Re: [PATCH v15 2/4] trace/objtrace: Get the value of the object

From: Jeff Xie
Date: Sun Sep 25 2022 - 01:27:54 EST


Hi Steve,

On Sun, Sep 25, 2022 at 4:01 AM Steven Rostedt <rostedt@xxxxxxxxxxx> wrote:
>
> On Fri, 19 Aug 2022 11:27:04 +0800
> Jeff Xie <xiehuan09@xxxxxxxxx> wrote:
>
> Hi Jeff,
>
> I finally (sorry about the long wait) got a chance to take a look at
> this code and I really like it a lot! and I want to get this into the
> next merge window.
>

It's so exciting for me to hear this ;-) , and I really appreciate you
looking at this series patch.

> I have one issue with it though, and that's with the syntax.
>
> > Using objtrace trigger to get the value of the object which from the kernel
> > function parameter.
> >
> > Syntax:
> > objtrace:add:obj[,offset][:type][:count][if <filter>]
>
> I'm thinking instead of using the above syntax that is new, instead use
> the syntax that is used by kprobes, eprobes and uprobes. That is:
>
> objtrace:+offset(obj):type
>
> That is, instead of:
>
> objtrace:add:arg1,0x28:u32:1
>
> have:
>
> objtrace:+0x28(arg1):u32
>
> Perhaps we can add for count for greater than 1:
>
> obtrace:+0x28(arg1):u32[2]
>
> for two items.
>
> Then we could do even more complex analysis where we can dereference a
> pointer within a structure to another pointer:
>
> obtrace:+0x16(+0x28(arg1)):u32[2]
>
> Which will look at arg1, add 0x28 to it. dereference that location,
> then add 0x16 to the value, and then dereference that location as well.

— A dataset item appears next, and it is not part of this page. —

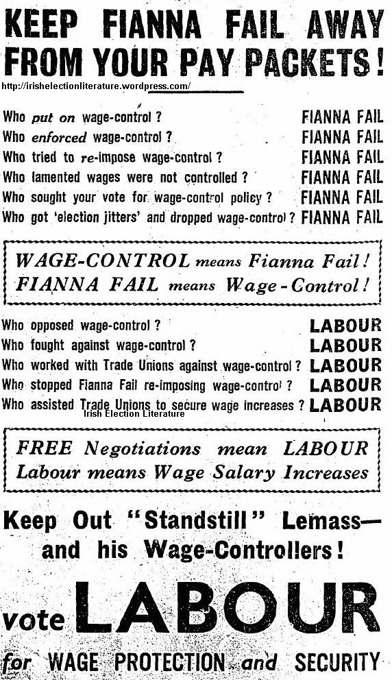 “Wage control means Fianna Fail! , Fianna Fail means Wage Control”

Agree with your idea, It does seem like it's more powerful to
dereference pointers.

It also looks like the "add" command field has been removed,
Masami previously suggested I to add a reserved command field for the
future (see [1] and [2]):

[1]:
https://lore.kernel.org/lkml/20211026225234.549ec8e9eb59f1fd1671edbc@xxxxxxxxxx/

[2]:
https://lore.kernel.org/lkml/20211105004704.3f4aa456c2c537a56f64e65a@xxxxxxxxxx/


> This code is available in the kprobe code that eprobes also uses:
>
> See process_fetch_insn() in kernel/trace/trace_eprobe.c
>
> and the parsing of the string is in kernel/trace/trace_probe.c:
>
> parse_probe_arg()
>

Thanks for your guidance, but the next merge window is coming soon,
and since I'm not doing full-time kernel development,
I can't guarantee that the development and testing of this change will
be completed before the next window merge.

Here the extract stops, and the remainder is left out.